Chance-constrained programming addresses stochastic parameters—such as demand volatility and renewable energy generation—by embedding probabilistic guarantees (e.g., Pr (storage absorption ≥ load) ≥ 95%) into a robust optimization framework, and has been widely applied to facility location and urban planning problems. Yong Liu et al. [43] confront the land use conflict at peri-urban lake districts under the dual pressures of urban sprawl and ecological conservation, and develop an Interval Chance-Constrained Linear Programming (ICCLP) model. The objective is to maximize Net Economic Benefit (NEB), while Total Environmental Capacity of water bodies (TEC) and Public Fiscal Investment (PFI) are formulated as principal chance constraints. In addition, sixteen deterministic constraints covering land suitability, structural proportions of land use, facility compatibility, and technological restrictions are incorporated. The resulting model is subsequently reformulated into an equivalent deterministic linear program, thereby furnishing a viable paradigm for applying chance-constrained programming to urban spatial siting decisions.

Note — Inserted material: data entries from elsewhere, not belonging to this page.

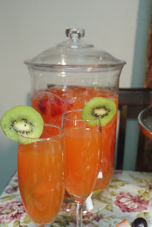 This drink recipe is just Strawberry Kiwi V8 Splash Juice with 4 cups of Sprite and some kiwi and strawberry fruit sliced and added in. You can add “adult” beverage of your choice to your glass if you would like!
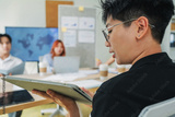 Female executive leads strategic brainstorming session using flipchart methodology, facilitating cross-functional ideation with business partners through data-driven innovation and agile frameworks
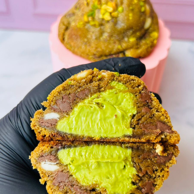 Cookies de Pistache, recheado com creme de pistache, finalizado com pistache puro triturado.
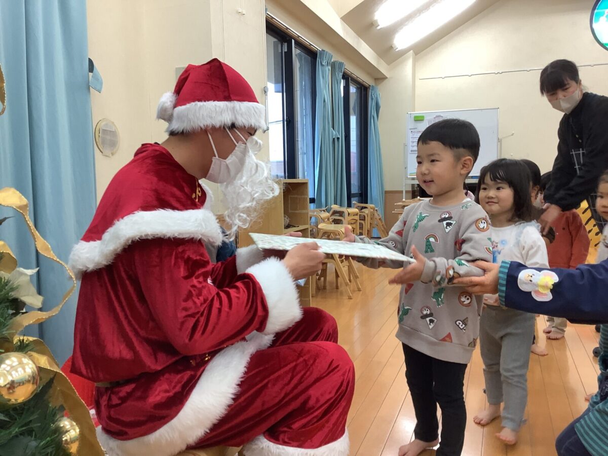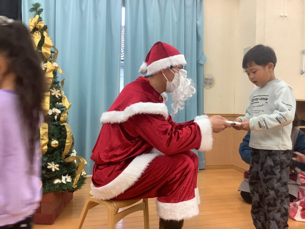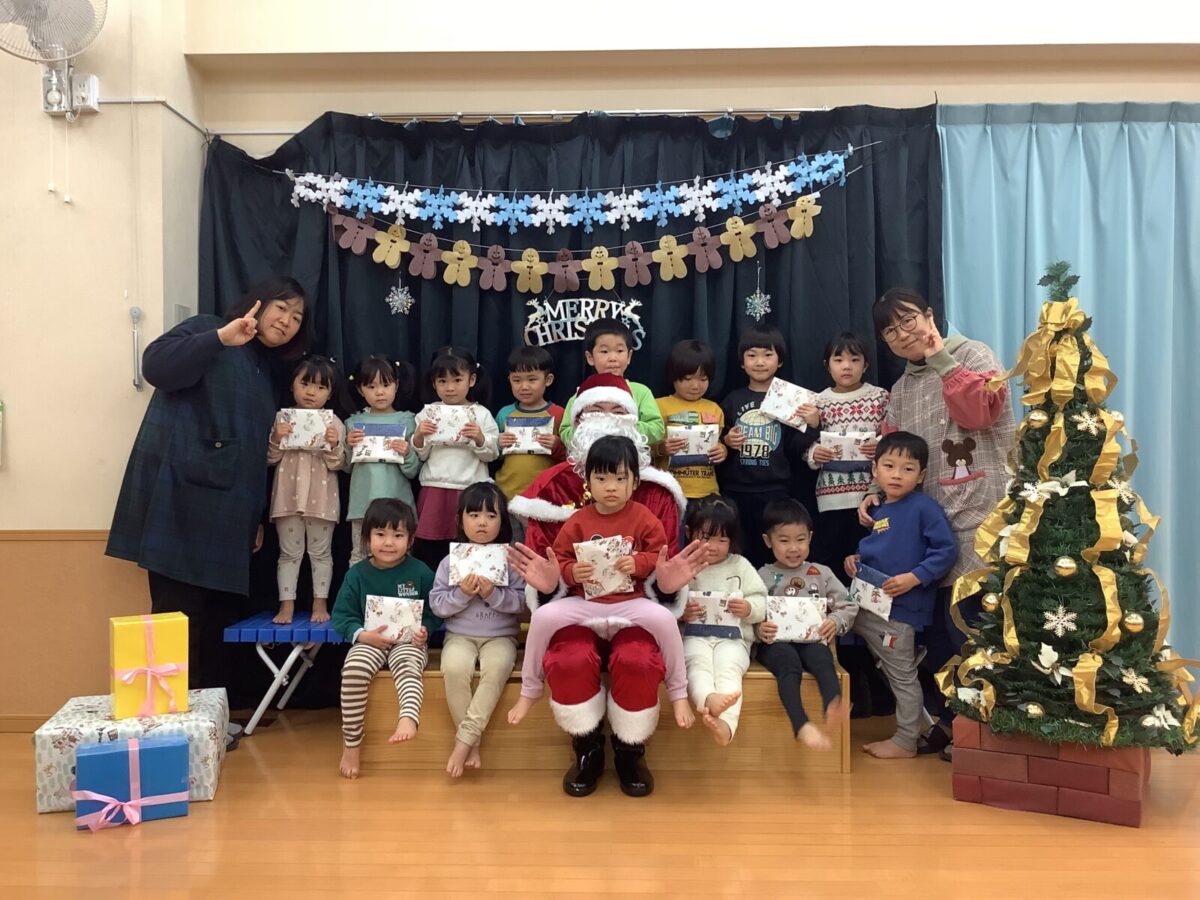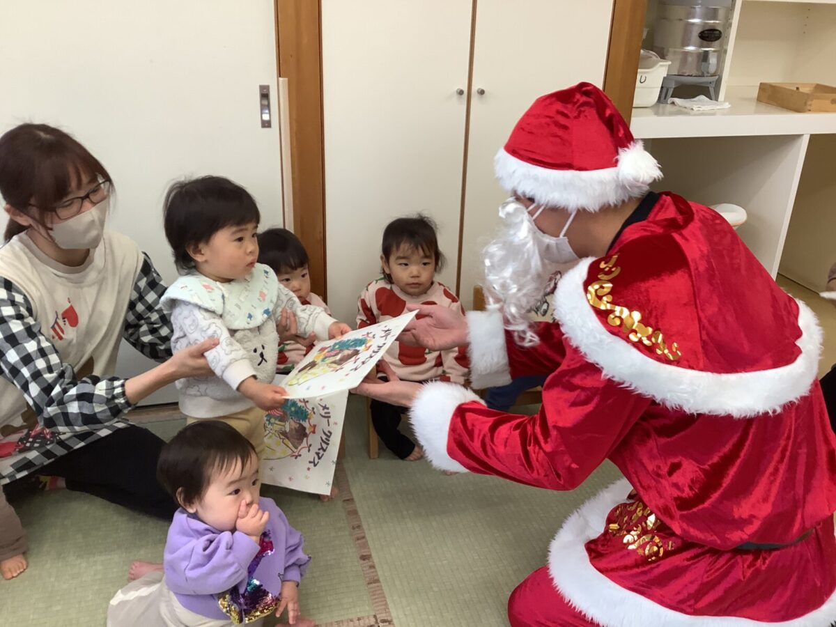 0、1歳児クラスは保育室にサンタさんが登場し、プレゼントをもらいました。初めは驚いて涙する子もいましたが、ハイタッチをしたりプレゼントをもらう中で少しずつ笑顔が増えていきましたよ♪

BILP is designed to handle bilinear terms in the objective function or constraints-typified by expressions such as z = x·y, where x and y denote facility coordination costs—under the condition that all decision variables are restricted to binary values, i.e., {0, 1}. In the siting context, strategic questions of “where to locate, how many facilities to deploy, and which demand nodes to serve” can be encoded as combinatorial optimization over binary variables, making BILP a natural modeling choice. G. Guastaroba [44] proposes a Kernel Search metaheuristic framework for the single source capacitated facility location problem. The core idea is to exploit the linear relaxation solution to identify a “promising” subset of variables—termed the kernel—and to iteratively solve a sequence of restricted subproblems defined on this kernel. Each sub-problem progressively augments the variable set and dynamically updates the kernel, thereby converging toward the global optimum. To enhance computational efficiency, the author further introduces two variable fixation variants that substantially reduce problem size and accelerate solution times.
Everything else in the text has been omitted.